Find the optimal order, and its cost, for evaluating the product \(A_{1} \times A_{2} \times A_{3} \times A_{4} \times A_{5}\) where $$\begin{aligned} &A_{1} \text { is }(10 \times 4)\\\ &A_{2} \text { is }(4 \times 5)\\\ &A_{3} \text { is }(5 \times 20)\\\ &A_{4} \text { is }(20 \times 2)\\\ &A_{5} \text { is }(2 \times 50) \end{aligned}$$

Short Answer

Expert verified
The optimal ordering of multiplying these set of matrices starts from \(A_2 \times A_3\), then multiplying this with \(A_1\), then with \(A_4\) and finally with \(A_5\).

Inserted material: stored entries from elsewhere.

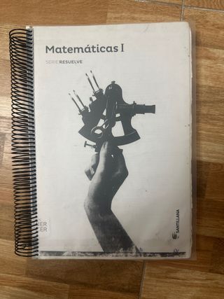 Libro de texto de Matemáticas I de la editorial Santillana. - Serie Resuelve. - Cubierta con imagen de un sextante.
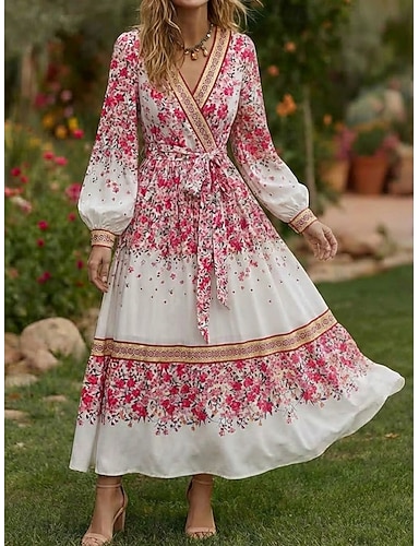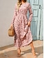 Жен. Платье средней длины Платье в стиле бохо Повседневное платье Элегантный стиль Винтаж Повседневные на открытом воздухе Отпуск Стандартный Цветочный принт Длинный рукав V-образный вырез Розовый
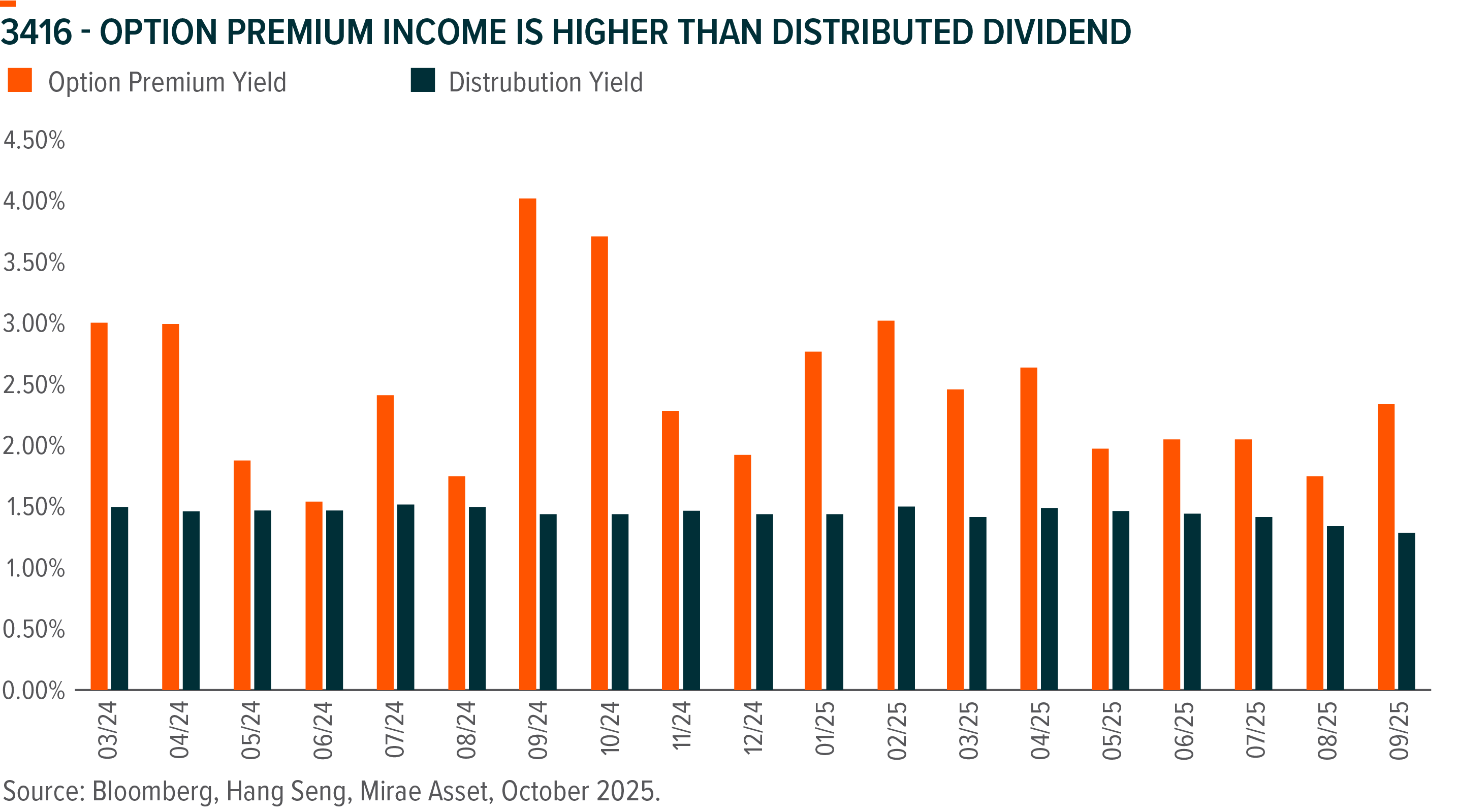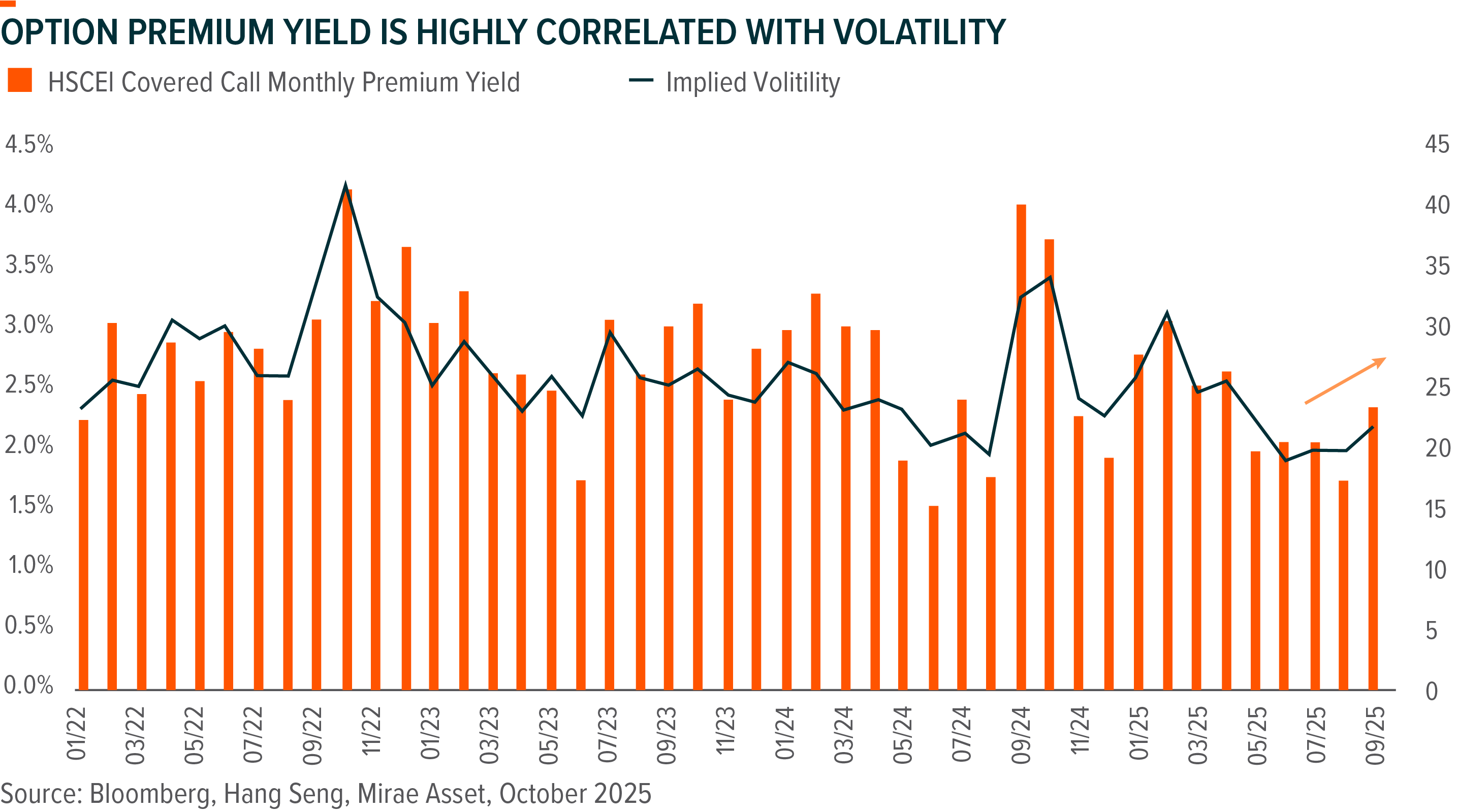 Major source of income for Covered Call Strategy is option premium from selling call options. Option premium tends to increase in tandem with market volatility, making range-bound market a favourable market condition for Covered Call Strategy. Following the China market rally that ensued after the last round of US tariff threats in April, Hong Kong market volatility edged up in September, leading to higher option premiums. The uncertainty surrounding the latest round of tariff escalation at this stage may contribute to a sustained rise in market volatility, resulting in elevated option premiums for the Covered Call Strategy.
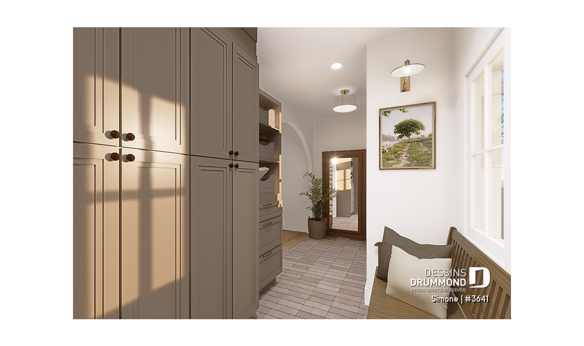 Le vestiaire est accessible de l'entrée avant principale, ainsi que du garage. Il propose une banquette et un mur avec crochets.
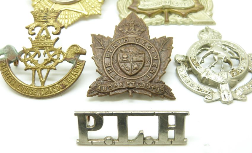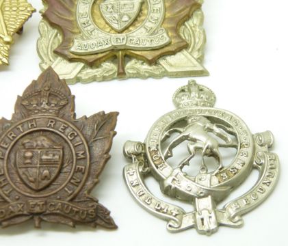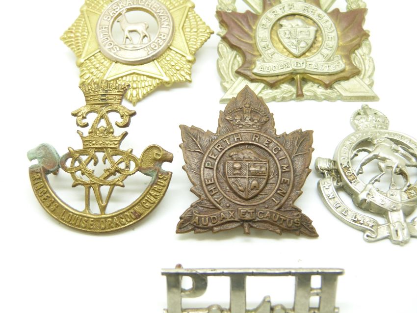 Five Canadian Army Perth Regiment, South Saskatchewan Regiment, Princess Louise Dragoon Guards and Governor General's Regiment metal badges together with a Princess Louise Horse shoulder title, Scully Ltd Montreal to reverse of larger Perth Regiment badge
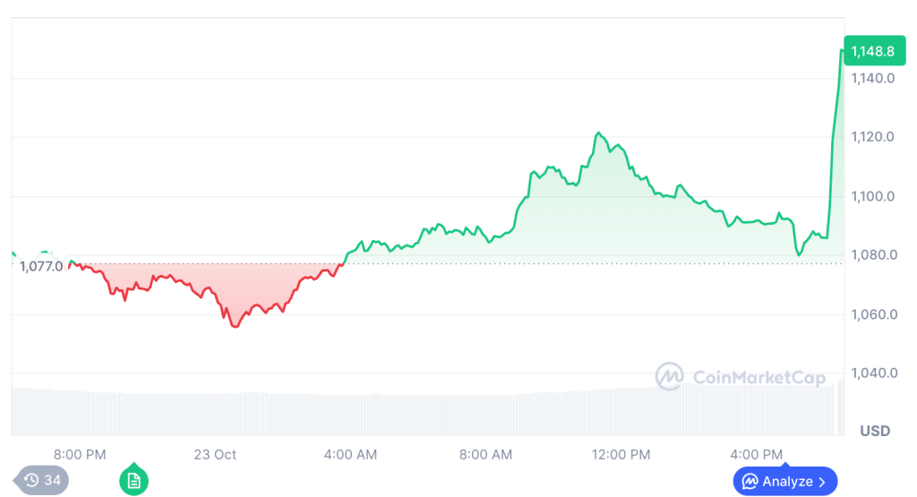 特赦消息直接刺激币安平台币BNB快速拉升,24小时内上涨5.18%至1,148.8美元,显示投资者信心回升。其市值增长5.08%达1,570.49亿美元,交易量激增14.04%至47.1亿美元。强劲反弹反映出市场对币安监管合规及运营前景的预期改善。
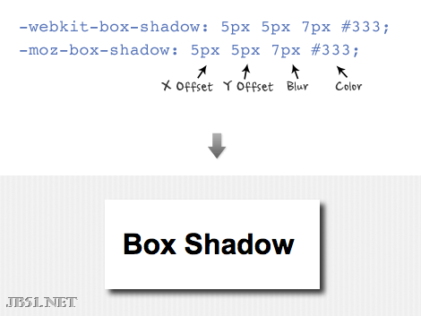 box-shadow的属性结构和text-shadow类似:x-offset, y-offset, blur, and color.
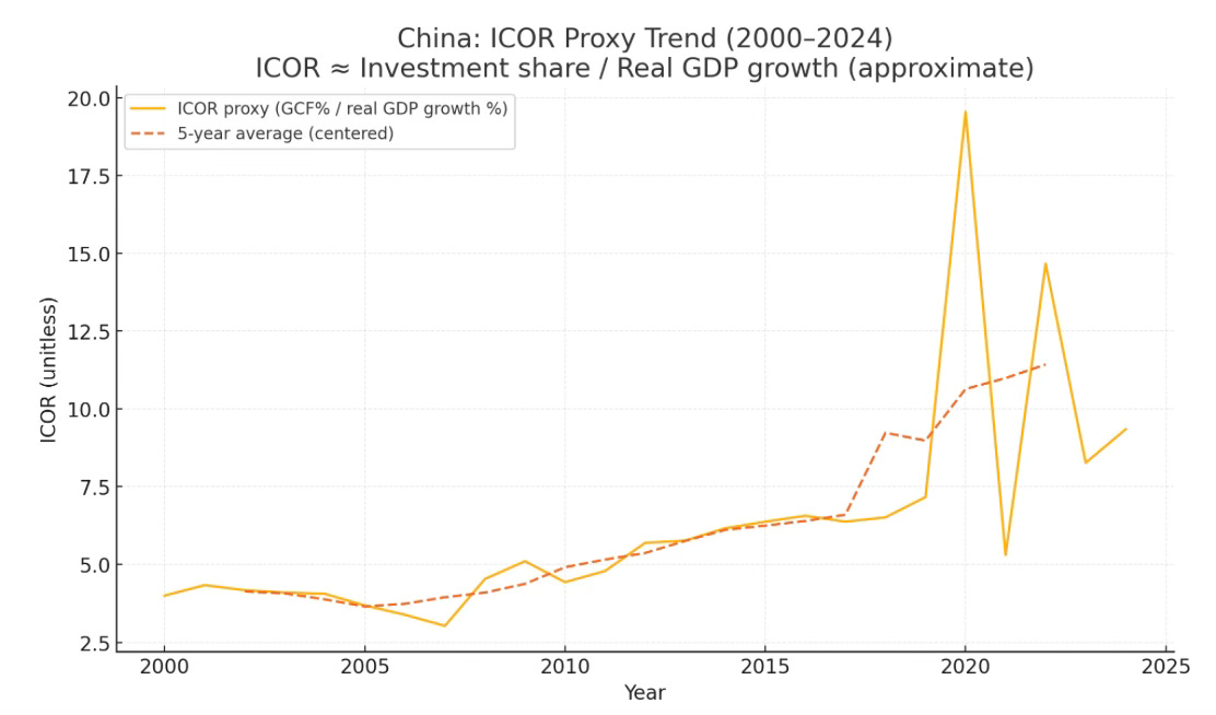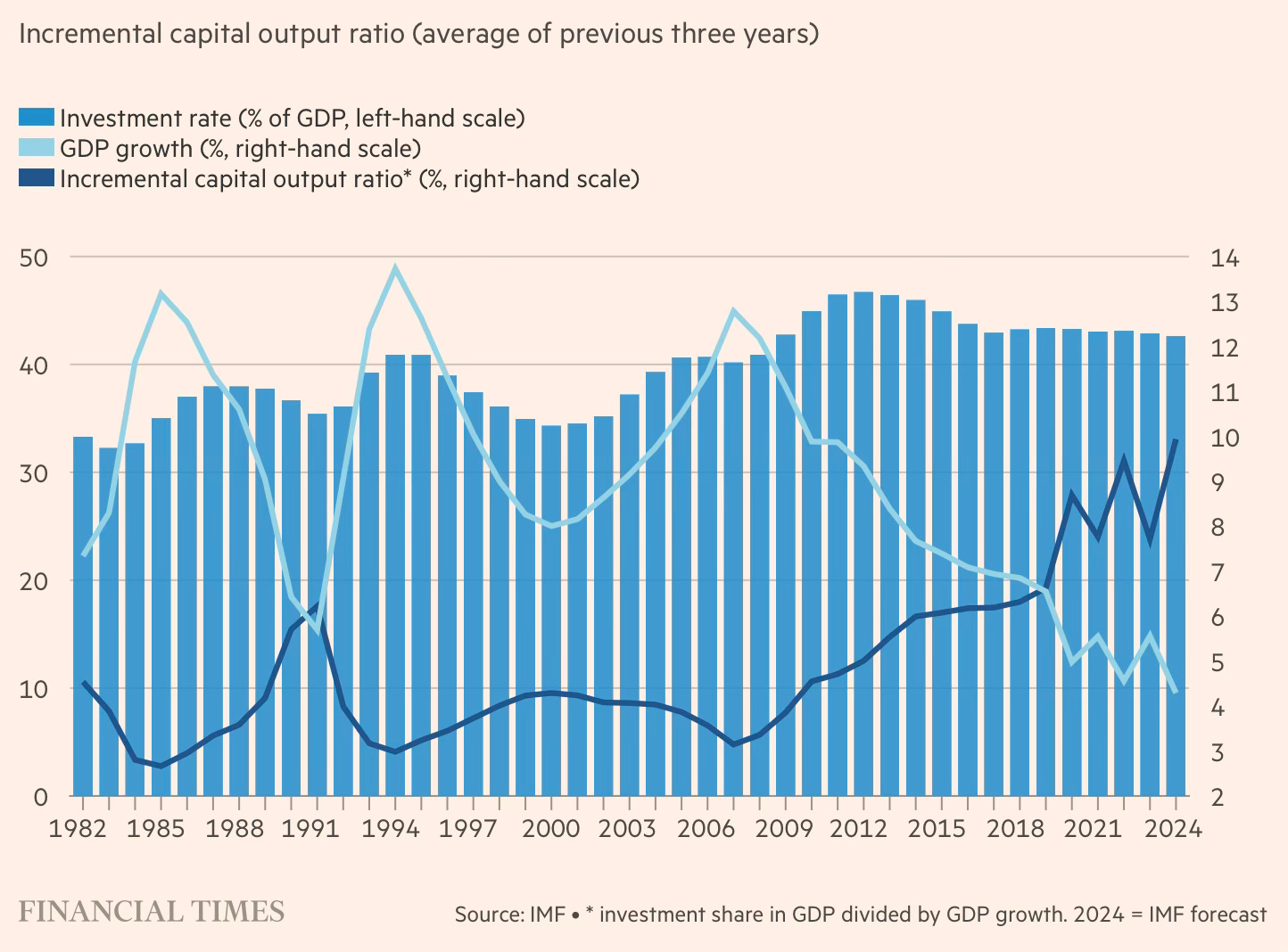 I have blogged here pointing to China’s sharply rising incremental capital output ratio (ICOR). Even as investment has been range-bound at 43-45% of GDP since before the global financial crisis, the ICOR has nearly tripled from below 3.5 to touch 10. This period has also coincided with economic growth declining precipitously from above 12% to just 4%. As the graphic shows, high investments rates brings ever less growth.
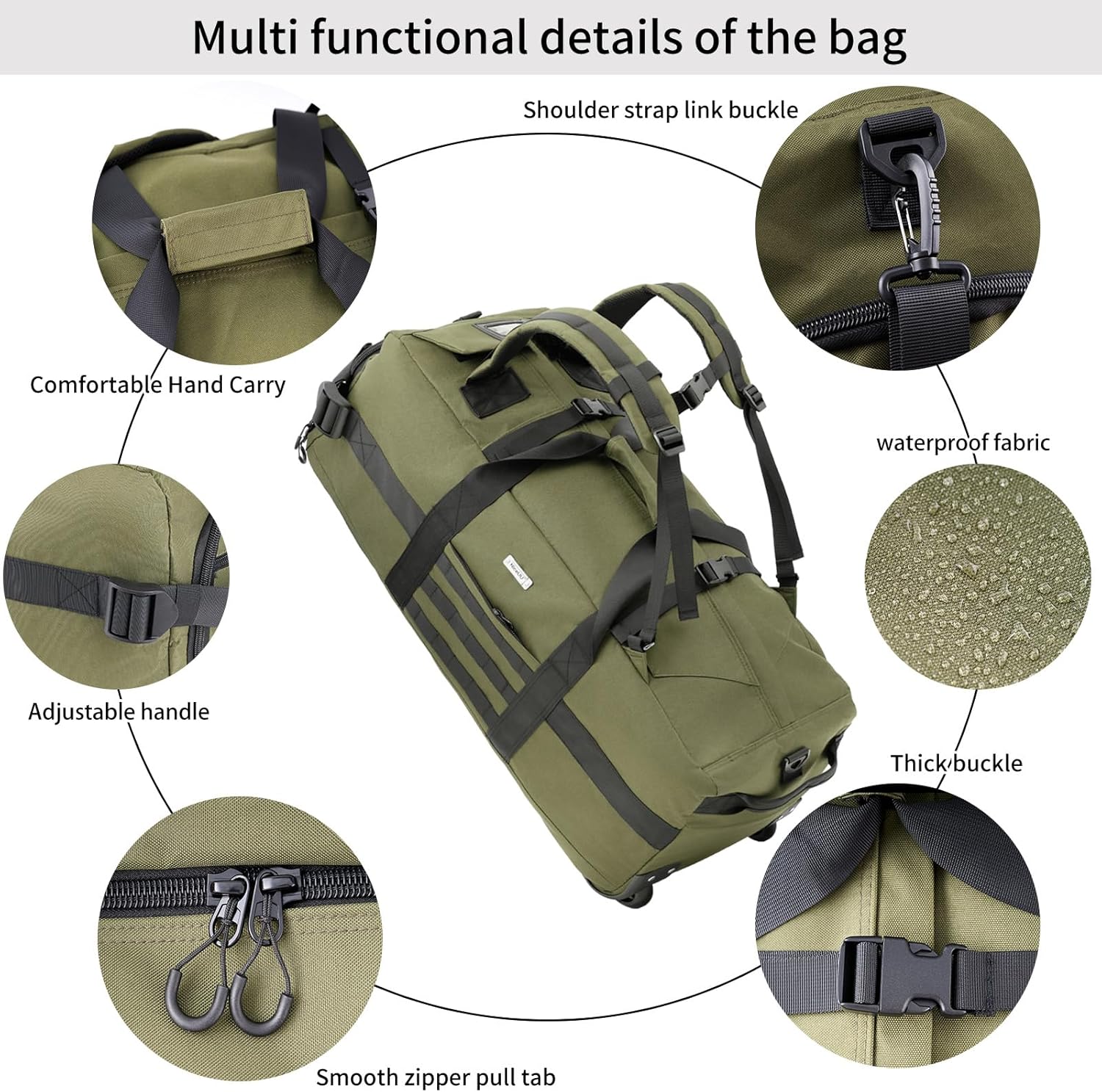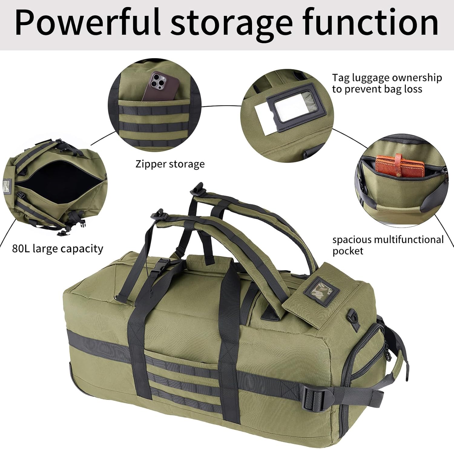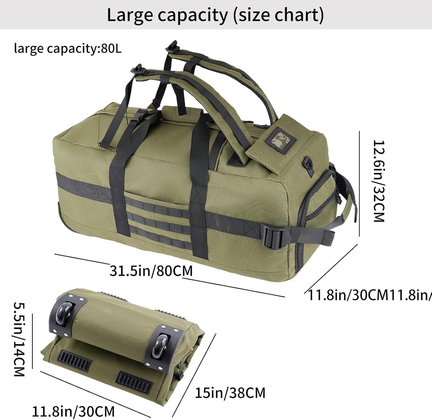 80L Rolling Duffel Bag with wheels,Travel Duffel Bag,Large Wheeled Travel Duffel Luggage with Rollers,Foldable Rolling Duffel Bag(Green(Adjustable handle))
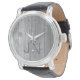 Um relógio com uma cinza de prata, madeira rusticada, de fundo, personalizada com suas iniciais, faz um presente de excelente para qualquer homem. Quando você personaliza as iniciais, deixe um espaço entre as iniciais para obter o efeito que você vê no exemplo.
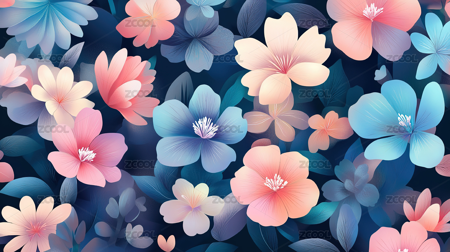 蓝底花卉图案插画
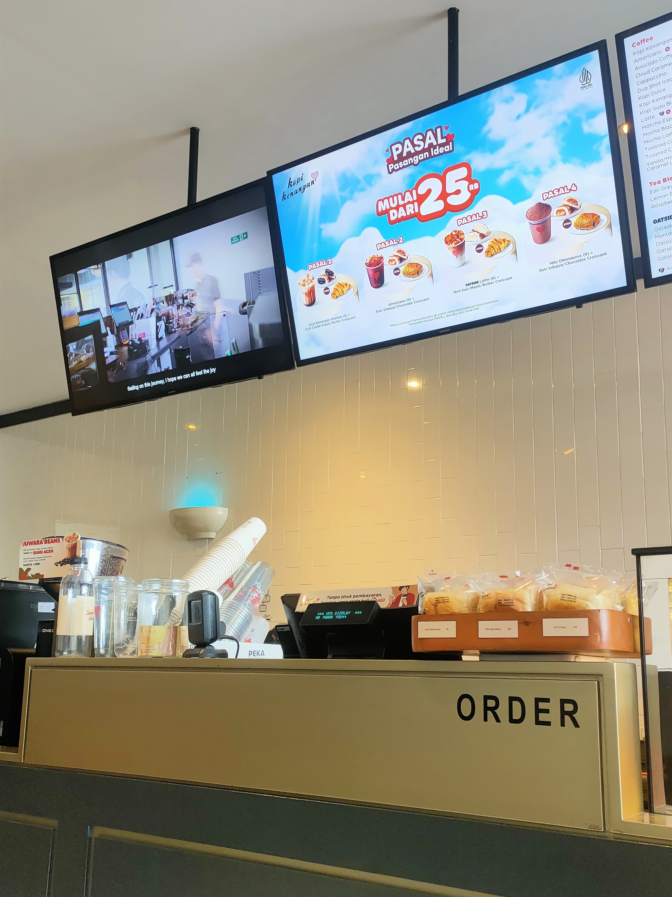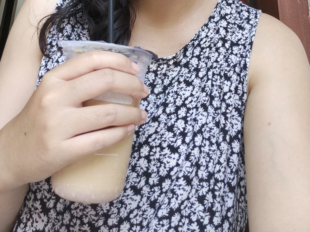 Pulang dari supermarket, aku membali es kopi.

The minimum cost of scalar multiplications achievable for this optimal multiplication operation is 1900 scalar multiplications.

Step by step solution

01

Understanding the simplistic approach

If we take a simplistic approach, and multiply the matrices in the given order, the operation would be like: ((\((A_1 \times A_2)\) \times A_3 \times A_4 \times A_5)\). The number of scalar multiplications for each matrix multiplication would then look like: \(10 \times 4 \times 5 + 10 \times 5 \times 20 + 10 \times 20 \times 2 + 10 \times 2 \times 50 = 2600\). This approach may not yield the minimal number of scalar multiplications.
02

Using the dynamic programming approach

The dynamic programming approach requires the construction of a table. We first start with smaller matrix multiplications and then gradually build up larger ones. Let's assume M[i][j] will store the minimal scalar multiplications for multiplying a chain of matrices from matrix i to matrix j inclusively.
03

Setting up initial conditions

We'll initialise the primary diagonal of M, (that is when i = j), to be 0, because multiplying a single matrix to itself does not require any scalar multiplications.
04

Filling the table

We will fill the table M by moving in a bottom-up manner. For each cell M[i][j], we will consider all possible multiplications between matrices i to j inclusively by factoring a k, where i <= k < j. We try to minimise the operation M[i][j] = min(M[i][k]+M[k+1][j]+p_i-1×p_k×p_j), where p represents the dimensions of the matrices.
05

Obtaining optimal order and cost

By following this bottom-up approach we can iteratively fill up the entire table M. The minimal cost of scalar multiplications would be given at the cell M[1][n]. Additionally, we can also trace the optimal order of multiplications from the computed table M while making sure we perform the least scalar multiplications.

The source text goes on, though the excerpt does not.